An angry Rhesus monkey is apt to defecate in its hands and throw its feces at you. I think this accurately sums up the debating skills of the current crop of Republican cartoons currently vying for The Top Job. All except Rick Perry of course. He’s taken the deer-caught-in-the headlights stylings of George W. Bush to a whole new level by simply soiling himself on national television. But he’s not as smart as Mitt Romney et al because he doesn’t know what to do with his ammunition once he’s made it.

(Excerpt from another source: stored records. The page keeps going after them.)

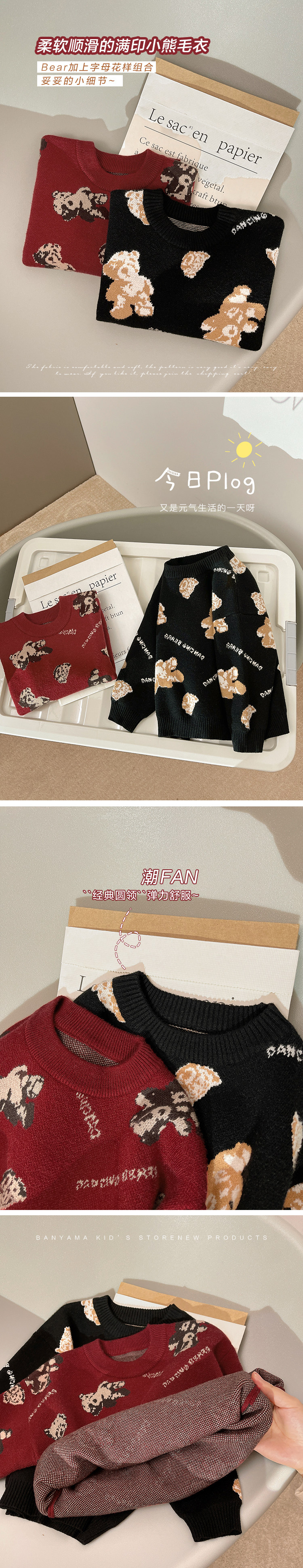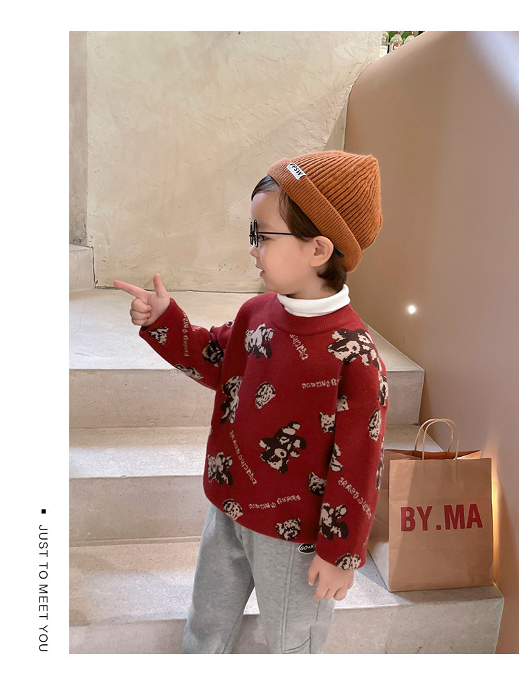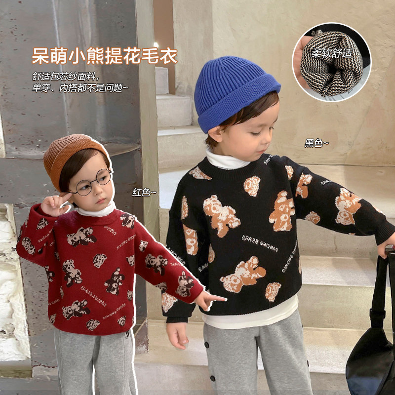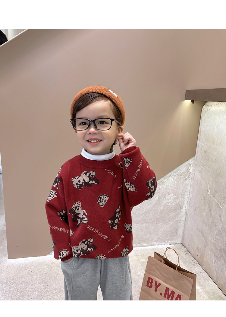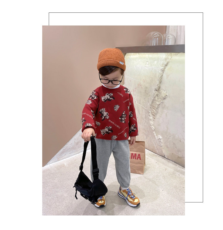 Свитер для мальчиков, осенний демисезонный детский трикотажный пуховик, с медвежатами, детская одежда, в западном стиле
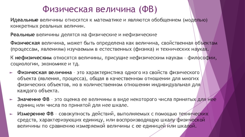 Физическая величина, может быть определена как величина, свойственная объектам (процессам, явлениям) изучаемым в естественных (физика) и технических науках.
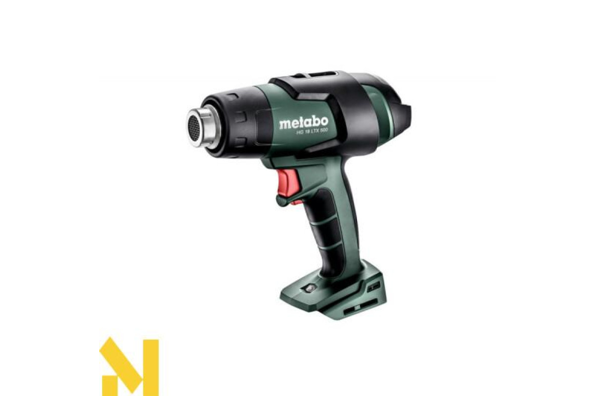 Акумуляторний термофен Metabo HG 18 LTX 500 новинка 2020 року. Дана модель розширює лінійку 18 В інструменту. До цієї комплектацію входить каркас термофена, дві насадки і картонна коробка.
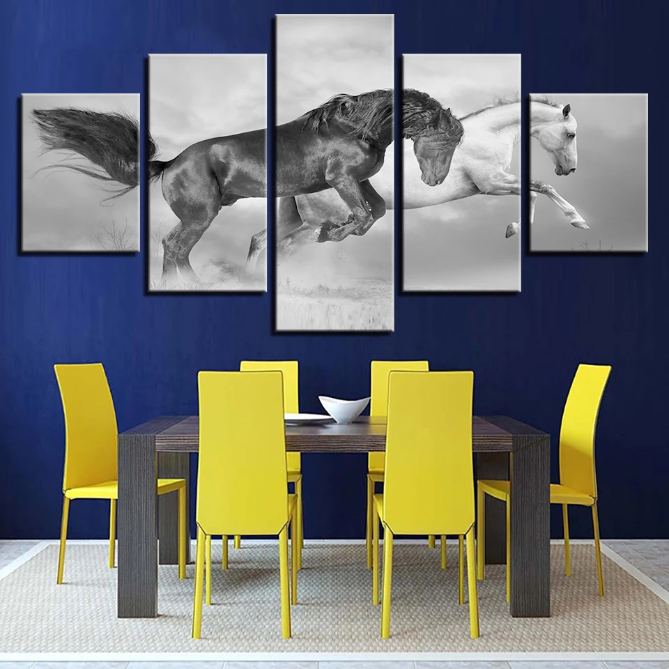 Домашний декор Холст Печатный 5 панельный животное лошадь постер пейзаж Картина современное настенное искусство HD картинки Гостиная модульная структура
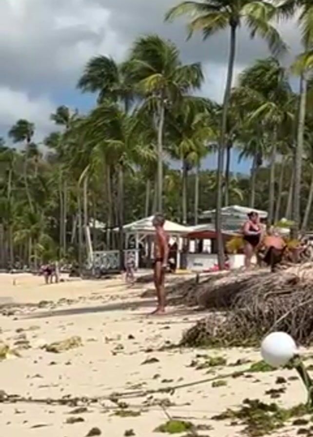The video depicts a beach scene with numerous palm trees, a small white building, and several people in the background. In the foreground, an adult male in black swimwear is seen performing squats on the sandy beach. The beach is partially covered with seaweed or other vegetation. There is a white buoy anchored on a pole in the right foreground. The sky is partly cloudy.
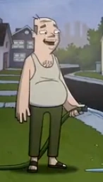 Randy's neighbor is an unnamed adult that lives on the same street as Randy and Rachel. He dresses in only in a gray vest, green pants and green slippers. He is often seen watering his lawn. Randy used to live at the same street with him until he moved next to Howard's house.
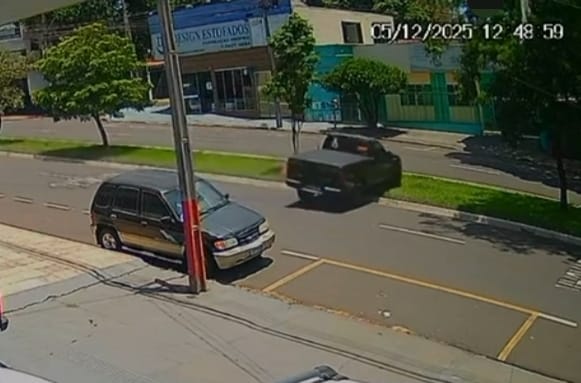 Imagens de uma câmera de segurança registraram dois acidentes em sequência na tarde desta sexta-feira (05) na Avenida Doutor Alexandre Rasgulaeff, em Maringá. Nas imagens, é possível ver o momento em que a condutora de uma Fiat Toro tenta cruzar a avenida e acaba entrando na frente de uma caminhonete que seguia pela via.
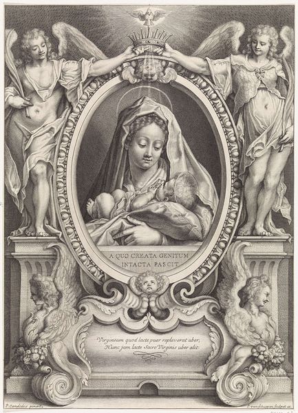 This engraving of Saint Hiltrude, made by Theodoor Galle, presents us with a fascinating array of symbols. Hiltrude, framed by an ornate oval, holds a lamp and a book, emblems of enlightenment and knowledge, reflecting her spiritual wisdom and dedication to learning. Consider the lamp, a universal symbol for wisdom, present in various forms across cultures. Think of the Roman goddess Minerva, often depicted with an owl, or the ancient Greek philosophers seeking truth by lamplight. These recurring motifs tap into a collective memory, a shared human experience of seeking knowledge in the darkness. The lamp, a beacon, reminds us that symbols are never static; they evolve, echoing through time and cultures, constantly acquiring new layers of meaning. This image serves as a powerful conduit, connecting us to the timeless quest for enlightenment, engaging our subconscious on a profound level.
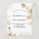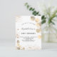 För en elegant 50:e (eller någon ålder) födelsedagsfest. En snyggt vit bakgrund som dekoreras med golden eucalyptus och faux guld glitter stoft. Personalisera och närmare uppgifter om namn och party. Svart färgad brev. Baksida: vit bakgrund, damm från glitter, vykortsdesign. Tips! Om du inte vill att det ska se ut som ett vykort klickar du på anpassa, går till baksidan och tar bort delaren och lägger till frimärke.
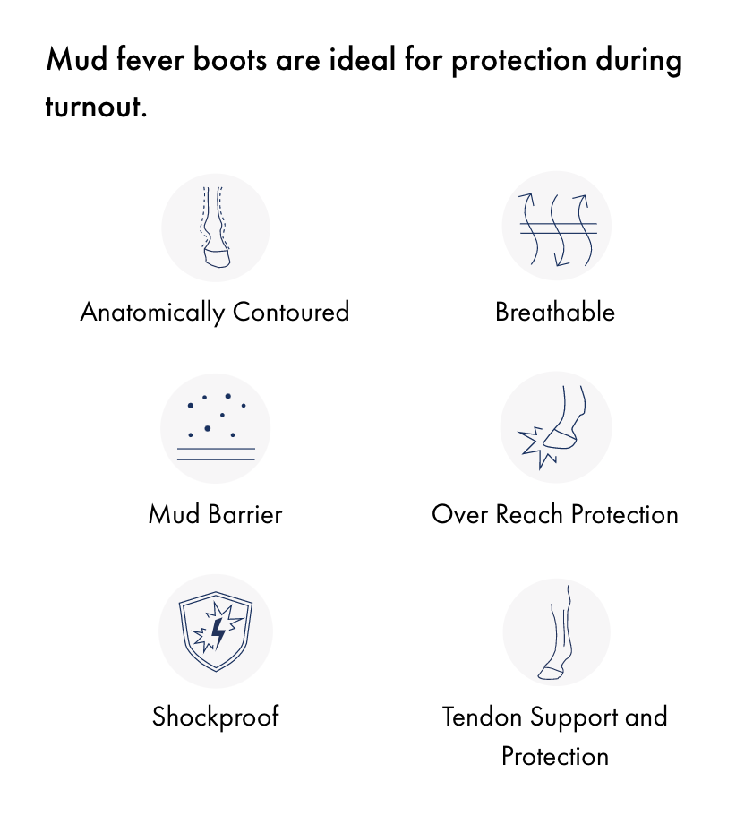 These advanced high-cut mud fever boots are made with Air-Tech ventilated neoprene for maximum breathability. Anatomically shaped to provide superior comfort for your horse whilst supporting the cannon bone and soft tissues. Fatigue is reduced in the tendon, fetlock, ligaments and suspensory. The boots cover the whole of the lower leg and pastern area, making them great for use as a preventative measure against mud fever and chills. Suitable for year-round use in paddocks. Can be used on both front and hind legs.

After watching the Republican Gong Show it’s obvious to anyone smarter than a goldfish that any one of these “leaders” of the Republican Party, if elected, will take this country straight to hell at roughly the speed of sound. The Democrats are the obviously prudent choice. Obama proposes proceeding down the road to perdition at the stately rate of only 55 miles an hour. Thank God our country has a two party system. We have the freedom to choose how fast we want to die.
Seemingly switching topics for a moment … did you know massive numbers of migrating lemmings do not commit mass suicide by flinging themselves off cliffs to drown in the sea below?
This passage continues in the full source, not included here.